Hähnke trifft bei unserer Online-Konferenz electrive LIVE auch auf Christian Zimmermann von Daimler Truck. Die Kundensicht reibt sich also mit der Herstellerperspektive – sollte man meinen. Tatsächlich sitzen sie bei der Transformation eher nebeneinander in der Achterbahn. „Den neuesten Diesel hätten sie uns nicht zur Kundenerprobung hingestellt. Was ich sagen will: Das Verhältnis zwischen OEMs und Flottenbetreibern ändert sich. Wir werden zu Sparringspartnern“, beschreibt Hähnke dieses Phänomen der Transformation.
„Die Komfortzone verlassen“
Und die Allianz muss noch weiter reichen: Daimler-Mann Zimmermann will auch die Netzbetreiber in der Achterbahn neben sich wissen. „Wir haben eine Vision, der Weg ist klar. Aber wir wissen, dass wir abhängig von weiteren Playern sind. Wir hoffen, im Stromnetz mehr Bewegung zu sehen, mehr Weitsicht und Investitionswille. Wir müssen uns alle auf den Weg machen.“ Auch für Remondis-Manager Hähnke ist das Wichtigste in der aktuellen Situation, dass alle Akteure „ein Verständnis für die gemeinsame Mission bekommen“.
Die aktuelle Lage in Deutschland, das sind etwa 600 bis 700 Zulassungen schwerer E-Lkw in 2023. Das sind sämtliche Hersteller, die in die Vorinvestition gegangen sind, um E-Fahrzeuge zu entwickeln.
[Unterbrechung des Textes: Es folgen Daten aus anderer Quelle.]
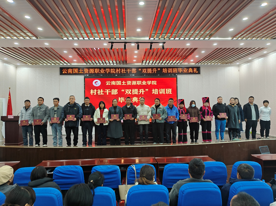 典礼由绿春县委党校副校长杨勇灵主持。李普成在讲话中充分肯定了“双提升”项目对绿春基层干部队伍建设的重要意义,并勉励学员坚守初心、学以致用,在乡村振兴一线担当作为。张云霞代表学校向全体毕业生表示热烈祝贺,强调学校始终秉持“绿春所需,国土所能”的帮扶理念,将持续为绿春发展提供智力与人才支持。随后,与会领导为毕业生代表颁发毕业证书。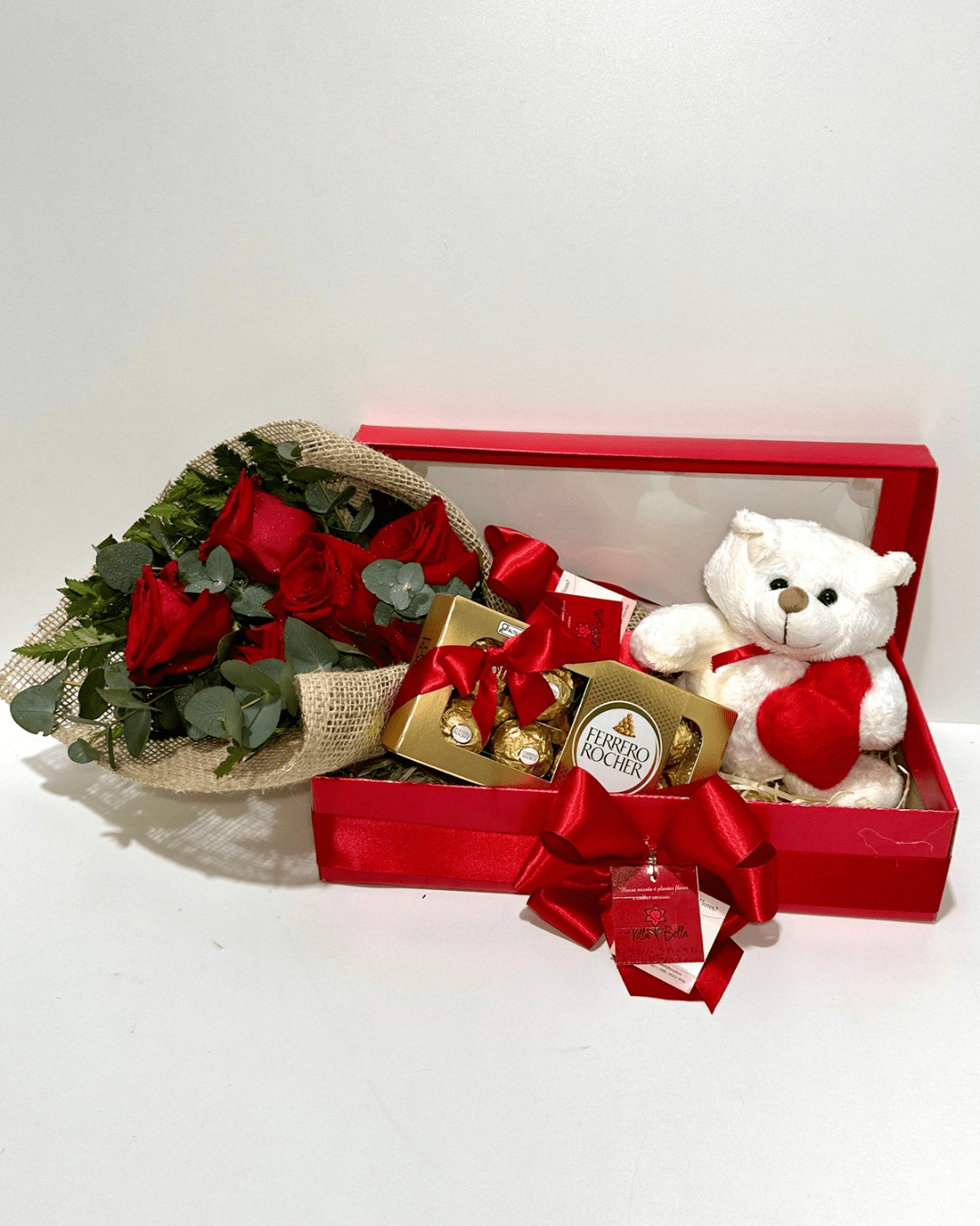 Caixa presente com Ramalhete com 4 rosas, 1 pelúcia e ferrero rocher com 8 unidades.

Das sind viele Logistiker, die durchzurechnen versuchen, ob sich der Umstieg auf alternative Antriebe für sie lohnen könnte. Das geht aus der von electrive-Chefredakteur Peter Schwierz moderierten Show klar hervor. Gleichzeitig hat die Politik regulatorische Leitplanken mit Lenk-Ambitionen geschmiedet – inklusive strengen CO2-Flottenzielen in der EU und einer Maut-Erhöhung für Diesel in Deutschland. Und: Während ein initiales Lkw-Ladenetz vom Bund gefördert wird, sind die Zuschüsse für E-Lkw durch die Haushalts-Turbulenzen der Regierung über Nacht abgeschafft worden. Zum Diskurs über Regulatorik und Ladeinfrastruktur haben wir in einer anderen Speaker-Zusammensetzung hier schon berichtet.
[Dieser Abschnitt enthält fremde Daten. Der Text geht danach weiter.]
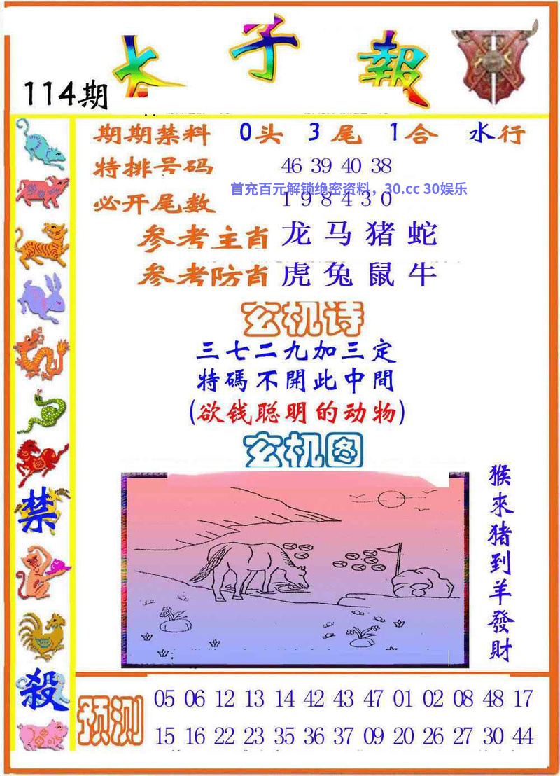 114期:三七二九加三定,特碼不開此中間 解:三七二九加三定解单数生肖兔牛猪鸡羊蛇 综合生肖:羊鼠兔龙虎猪 综合号码:11.23.18.30.03.15.02.14.04.16.19.31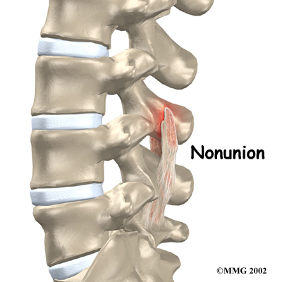 Sometimes the bones do not fuse as planned. This is called a nonunion, or pseudarthrosis . (The term pseudarthrosis means false joint.) When more than one level of the spine is fused at one time, there is a greater chance that nonunion will occur. Fusion of more than one level means that two or more consecutive discs are removed and replaced with bone graft. If the joint motion from a nonunion causes pain, you may need a second operation.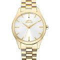 Женские кварцевые часы Slazenger — это элегантный аксессуар. Корпус диаметром 34 мм и толщиной 9 мм выполнен из суперметалла с IP-покрытиемIP-покрытиеМетод ионного напыления. Демонстрирует повышенную устойчивость к истиранию, окислению и химическим веществам. Под воздействием высокого давления и температуры около 1500°C молекулы металла надёжно соединяются с частицами корпуса часов.. Циферблат серебристого цвета оформлен индексами и стрелками. Циферблат защищён минеральным стекломМинеральное стеклоМинеральное стекло представляет собой искусственно выращенный минерал кварца. Такое стекло отличается особой устойчивостью к повреждениям и царапинам. Уступает по некоторым качествам сапфировому стеклу.. Механизм — кварцевый калибр Miyota 2035. Часы оснащены браслетом из суперметалла на раскладной застёжкеРаскладная застёжкаТакой тип застёжки используется только на браслетах из металла. Она никогда не раскрывается полностью, происходит разделение на 2 и более частей. Раскладывающая застёжка снизит вероятность потери часов к минимуму.. Водонепроницаемость 30 м позволяет использовать часы в повседневных условиях. Идеальный выбор для тех, кто ценит стиль и качество.

Die beiden Vertreter von Remondis und Daimler Truck blicken bei electrive LIVE zusammen mit Jan Wohlmuther und Luis Obermeier von der Beratungsfirma Accenture eher auf den ersten Teil dieser Auflistung: auf das Ökosystem von E-Lkw. Eine Grundeigenschaft von Ökosystemen ist aber, dass alles mit allem zusammenhängt. In diesem Kontext wird deutlich: Verdaut haben die Sprecher die gekappte KsNI-Förderung noch nicht. „Wir spüren das Förder-Aus natürlich“, schildert Daimler-Vertriebsprofi Zimmermann. „Viele Kunden waren in der Vorbereitung der nächsten Förderrunde. Es war ein herber, abrupter Schlag. Alle rechnen nun neu. Aber das Finanzielle ist nur eine Seite. Viel schlimmer ist die politische Signalwirkung.“ Kunden fragen sich nun wieder, ob die Elektrifizierung das Richtige ist und warum sich die Politik abwendet.
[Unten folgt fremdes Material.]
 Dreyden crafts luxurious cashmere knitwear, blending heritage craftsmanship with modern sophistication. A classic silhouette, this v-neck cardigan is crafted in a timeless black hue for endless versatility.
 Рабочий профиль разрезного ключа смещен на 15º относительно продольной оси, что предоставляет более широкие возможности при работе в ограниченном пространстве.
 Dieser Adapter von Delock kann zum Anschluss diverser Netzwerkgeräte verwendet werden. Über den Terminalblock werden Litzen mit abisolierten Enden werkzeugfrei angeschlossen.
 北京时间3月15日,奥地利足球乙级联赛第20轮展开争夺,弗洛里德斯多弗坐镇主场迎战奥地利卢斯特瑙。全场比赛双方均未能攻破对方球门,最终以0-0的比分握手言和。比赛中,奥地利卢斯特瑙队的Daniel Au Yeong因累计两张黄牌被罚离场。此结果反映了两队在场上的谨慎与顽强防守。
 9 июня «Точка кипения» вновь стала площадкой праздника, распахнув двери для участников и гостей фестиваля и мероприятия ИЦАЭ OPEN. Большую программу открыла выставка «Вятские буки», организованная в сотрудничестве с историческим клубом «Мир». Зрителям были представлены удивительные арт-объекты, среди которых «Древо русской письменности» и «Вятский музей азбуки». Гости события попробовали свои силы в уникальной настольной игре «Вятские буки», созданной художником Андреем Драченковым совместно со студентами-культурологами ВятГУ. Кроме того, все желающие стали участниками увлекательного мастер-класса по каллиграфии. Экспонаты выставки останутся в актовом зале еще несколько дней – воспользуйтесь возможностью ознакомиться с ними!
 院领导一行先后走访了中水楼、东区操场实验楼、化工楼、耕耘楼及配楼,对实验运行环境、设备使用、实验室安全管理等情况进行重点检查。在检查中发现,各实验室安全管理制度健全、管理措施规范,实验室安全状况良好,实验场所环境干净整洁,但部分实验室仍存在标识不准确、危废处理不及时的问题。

Remondis-Vertreter Hähnke, der für den gesamten Rethmann-Unternehmensverbund 11.000 Lkw nennt, leitet das Reizthema mit den Worten ein, dass er ja schon viel erlebt habe. Aber der Fakt, dass die Mauterhöhung acht Wochen vor ihrer Einführung noch nicht quantifizierbar war, parallel die KsNI-Förderung abgeschafft wurde und nun die Maut-Mehreinnahmen nicht einmal zurück zur Unterstützung des Antriebswandels in die Branche fließen, sondern an die Bahn weitergereicht werden, sind für Hähnke „kein Zustand“. „Wir haben fast eine Maut-Verdoppelung bekommen, nur weil wir Diesel fahren! Die Mehreinnahmen aus der Maut stehen uns einfach zu. Wir fahren sie ein!“
„Ohne Förderung zögern alle“
Hähnke ist in der Branche gut vernetzt. Er geht davon aus, dass ohne die Förderung aktuell die Nachfrage nach E-Lkw verschwindend gering ist. Zurzeit kommen zeitversetzt noch bezuschusste Elektro-Trucks auf den Markt. Bei Remondis geht das noch bis Dezember so. Erst danach wird sich die Delle in der Zulassungsstatistik zeigen. „So ehrlich müssen wir sein: Da warten gerade alle ab. Und HVO ist jetzt das willkommene Mittel zur Überbrückung, solange keiner weiß, wie es mit der Förderung weitergeht.“ Das an öffentlichen Tankstellen erhältliche HVO aus China bezeichnet er dabei unumwunden als Etikettenschwindel. Klimaschutz gleich null.
Für Hähnke ist der Stotterstart der E-Mobilität beim Lkw aber kein Grund zur Resignation: Einige der oben angerissenen Hürden seien schon geschafft, die Ausreden werden weniger: „Die Reichweiten bei BEV werden länger – zack -, Gefahrgüter können inzwischen transportiert werden – zack -, die Preise gehen in die richtige Richtung – zack.“ Woran es gerade am meisten fehlt, ist aus seiner Sicht ein Planungshorizont, um in die Investition gehen zu können. „Zum Beispiel eine Maut-Befreiung von 6 bis 8 Jahren.“ Aktuell sei die TCO angesichts zu vieler Unbekannter kaum kalkulierbar: „Wir fahren nicht mal auf Sicht, wir fahren im Nebel.“ Es könne kein Zustand bleiben, sich von Jahr zu Jahr hangeln zu müssen.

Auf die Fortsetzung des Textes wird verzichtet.